Jumat, 27 Juni 2008

Estimates that the iPhone will become a widely accepted device are evidence of a bias from those who expect Apple to succeed, Verizon chief Ivan Seidenberg tells the Financial Times in an interview. The executive behind the carrier rebuffs notions that iPhone 3G's up-front price cut to $200 will translate to much larger sales and claims Apple's currently small total marketshare as evidence. Apple is a newcomer that has to prove itself, according to the Verizon head, who also suggests that Verizon itself can be disruptive in a shift to mobile devices from computers.

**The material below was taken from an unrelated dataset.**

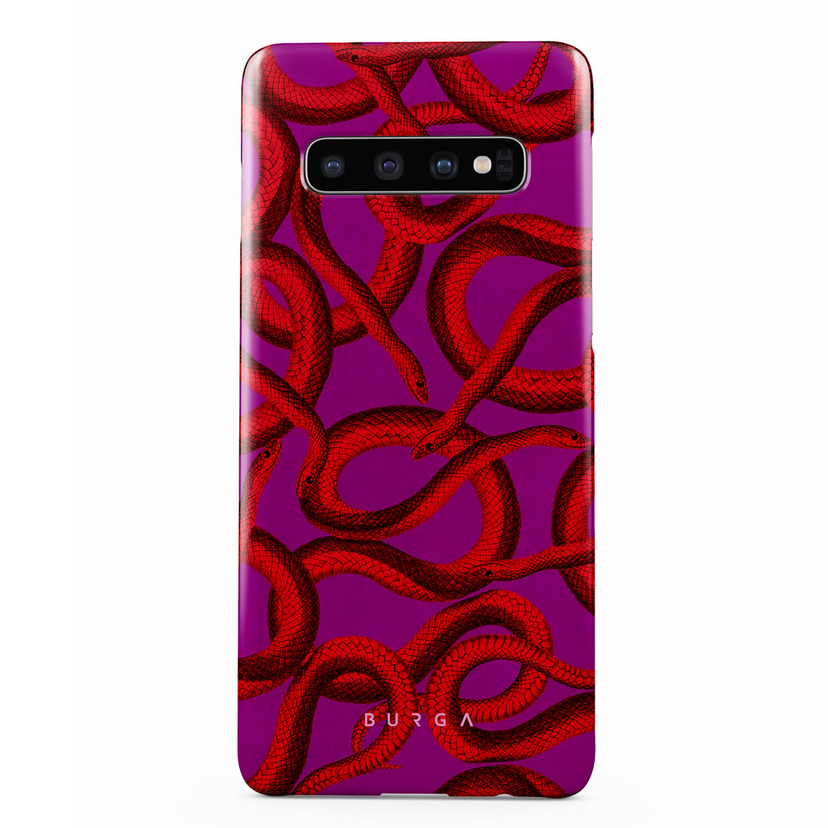 Watch Out Samsung Galaxy S10 Plus phone case design offers a fierce feel with a bright magenta colored background covered in red snakes pattern. Make a statement while protecting your phone, as this case is guaranteed to catch everyone's eye.

"There goes the conspiracy again," Seidenberg says. "You're declaring them a winner before they've earned it on the field."

He further criticizes Apple co-founder Steve Jobs, saying the luminary doesn't have absolute control of innovation and that he "eventually will get old," giving virtually any company better chances once Jobs no longer exercises a level of creative control at his firm. Seidenberg nonetheless says that Apple is a "great company" outside of its current presence in the phone industry.

While claiming to be unconcerned, critics have charged Verizon with waging a primarily defensive campaign against the iPhone after turning down an opportunity to carry the device in the US. The company has carried multiple touchscreen-focused phones in the months after the iPhone's original launch, including the LG Voyager and Samsung Glyde, and is commonly thought to have withheld its pricing for the just-shipped LG Dare handset until it could confirm iPhone 3G pricing and adjust if necessary.

The carrier is planning more aggressive moves to upset the iPhone and incumbent carrier AT&T in the future with a planned buyout of Alltel that gives it more subscribers as well as the impending release of the BlackBerry Thunder, Research in Motion's first touchscreen device.